Collected material ::
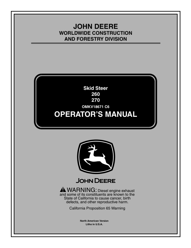John Deere 260, 270 Skid Steers Operator’s Manuals (OMKV18671)
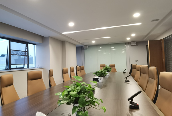 除了食堂的擴(kuò)聲系統(tǒng)外,阜陽天邦·拾分味道(臨泉)一期屠宰工廠園區(qū)的辦公樓的領(lǐng)導(dǎo)會(huì)議室的會(huì)議擴(kuò)聲同樣也采用DEKEN的專業(yè)會(huì)議音頻系統(tǒng),擴(kuò)聲揚(yáng)聲器選用4只6寸全頻音箱FLEX T6,搭配8路調(diào)音臺(tái)MX-F8跟二進(jìn)四出數(shù)字音頻處理器DAP-0204 II等周邊設(shè)備組成的小型擴(kuò)聲系統(tǒng)。為了避免由于設(shè)備布線而破壞原裝飾的問題,會(huì)議室的拾音發(fā)言設(shè)備采納了Thinuna的VA-8000系列無線會(huì)議系統(tǒng),VA-8000系列是UHF頻段的無線會(huì)議系統(tǒng),全數(shù)字控制,采用FM調(diào)頻實(shí)現(xiàn)聲音信號(hào)傳輸,發(fā)言單元帶有獨(dú)有的新型防嘯叫單指向高靈敏度電容咪芯,完美壓制了會(huì)議現(xiàn)場多話筒發(fā)言配合環(huán)境反射造成的聲反饋現(xiàn)象。
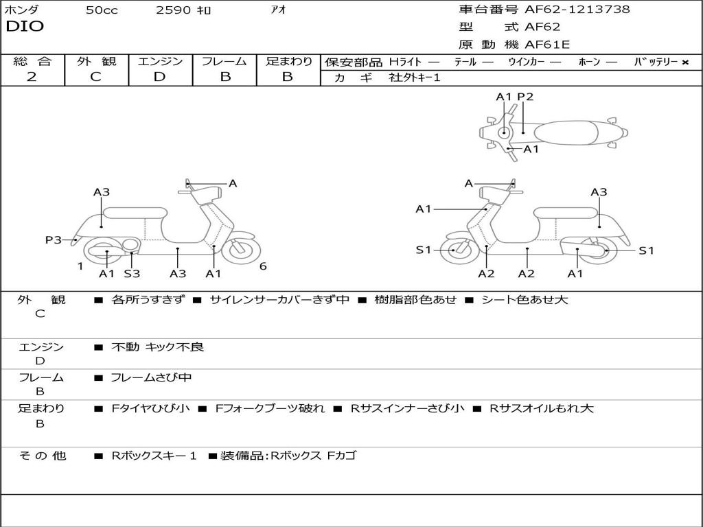 | Номер рамы / VIN | AF62-1213738 |

Action item :: Go through the listing above and quote it exactly, apart from its images.

Result ::
John Deere 260, 270 Skid Steers Operator’s Manuals (OMKV18671)
 除了食堂的擴(kuò)聲系統(tǒng)外,阜陽天邦·拾分味道(臨泉)一期屠宰工廠園區(qū)的辦公樓的領(lǐng)導(dǎo)會(huì)議室的會(huì)議擴(kuò)聲同樣也采用DEKEN的專業(yè)會(huì)議音頻系統(tǒng),擴(kuò)聲揚(yáng)聲器選用4只6寸全頻音箱FLEX T6,搭配8路調(diào)音臺(tái)MX-F8跟二進(jìn)四出數(shù)字音頻處理器DAP-0204 II等周邊設(shè)備組成的小型擴(kuò)聲系統(tǒng)。為了避免由于設(shè)備布線而破壞原裝飾的問題,會(huì)議室的拾音發(fā)言設(shè)備采納了Thinuna的VA-8000系列無線會(huì)議系統(tǒng),VA-8000系列是UHF頻段的無線會(huì)議系統(tǒng),全數(shù)字控制,采用FM調(diào)頻實(shí)現(xiàn)聲音信號(hào)傳輸,發(fā)言單元帶有獨(dú)有的新型防嘯叫單指向高靈敏度電容咪芯,完美壓制了會(huì)議現(xiàn)場多話筒發(fā)言配合環(huán)境反射造成的聲反饋現(xiàn)象。
 | Номер рамы / VIN | AF62-1213738 |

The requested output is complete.